[Data records]
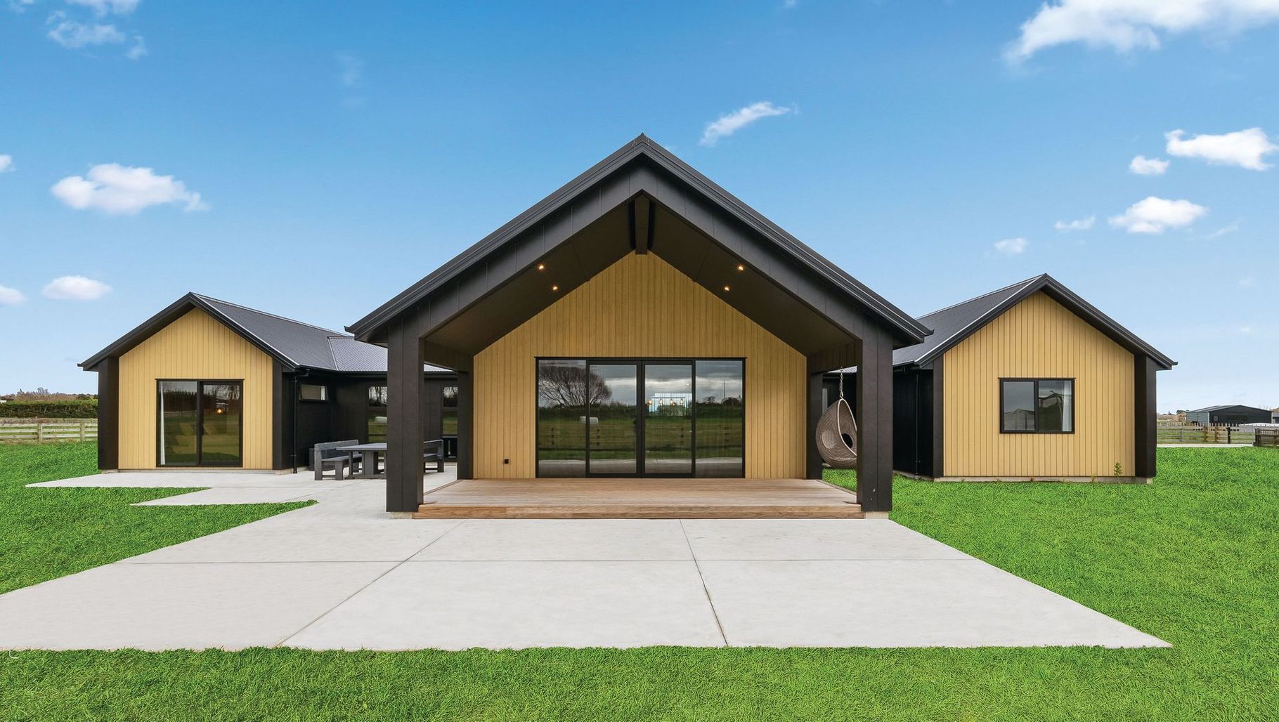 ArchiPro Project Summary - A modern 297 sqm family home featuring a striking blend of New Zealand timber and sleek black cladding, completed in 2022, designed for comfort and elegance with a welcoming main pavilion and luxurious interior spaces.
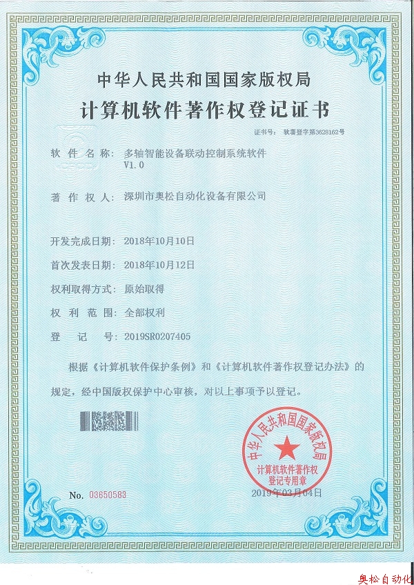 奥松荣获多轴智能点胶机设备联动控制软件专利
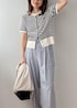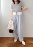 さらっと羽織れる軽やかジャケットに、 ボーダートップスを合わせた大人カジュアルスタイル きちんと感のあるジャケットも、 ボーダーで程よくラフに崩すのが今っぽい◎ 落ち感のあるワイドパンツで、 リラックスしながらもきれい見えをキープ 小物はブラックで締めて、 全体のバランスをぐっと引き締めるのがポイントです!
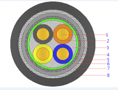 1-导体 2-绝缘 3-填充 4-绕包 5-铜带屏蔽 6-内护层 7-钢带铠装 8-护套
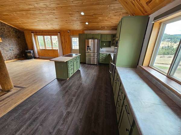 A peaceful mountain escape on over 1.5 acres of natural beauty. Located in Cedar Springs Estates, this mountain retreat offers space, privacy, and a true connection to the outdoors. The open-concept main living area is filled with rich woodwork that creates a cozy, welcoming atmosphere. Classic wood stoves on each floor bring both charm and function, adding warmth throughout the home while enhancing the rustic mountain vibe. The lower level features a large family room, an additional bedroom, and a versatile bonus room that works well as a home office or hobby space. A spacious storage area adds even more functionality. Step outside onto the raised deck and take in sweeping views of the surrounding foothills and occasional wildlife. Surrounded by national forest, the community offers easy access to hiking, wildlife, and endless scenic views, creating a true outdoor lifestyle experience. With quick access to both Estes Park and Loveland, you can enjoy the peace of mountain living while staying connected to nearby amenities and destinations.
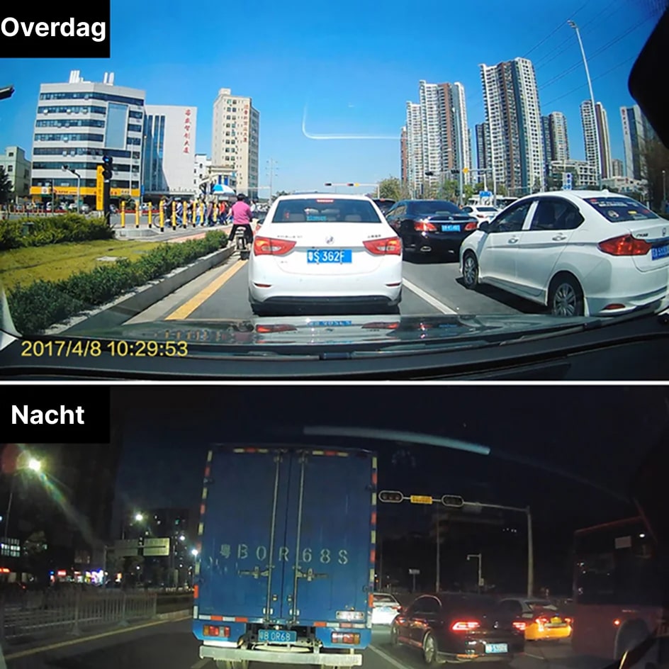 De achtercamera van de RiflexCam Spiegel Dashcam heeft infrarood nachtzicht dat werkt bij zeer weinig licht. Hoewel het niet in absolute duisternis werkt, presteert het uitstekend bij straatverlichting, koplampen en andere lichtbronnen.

→ Problem to work on:
All lines above from the one containing "さらっと羽織れる軽やかジャケットに、 ボーダートップスを合わせた大人カジュアルスタイル きちんと感のあるジャケットも、" up to and including the one containing "1-导体 2-绝缘 3-填充 4-绕包 5-铜带屏蔽 6-内护层 7-钢带铠装 8-护套" are to be set down exactly, and nothing else. Leave images out.

→ Written response:
 さらっと羽織れる軽やかジャケットに、 ボーダートップスを合わせた大人カジュアルスタイル きちんと感のあるジャケットも、 ボーダーで程よくラフに崩すのが今っぽい◎ 落ち感のあるワイドパンツで、 リラックスしながらもきれい見えをキープ 小物はブラックで締めて、 全体のバランスをぐっと引き締めるのがポイントです!
 1-导体 2-绝缘 3-填充 4-绕包 5-铜带屏蔽 6-内护层 7-钢带铠装 8-护套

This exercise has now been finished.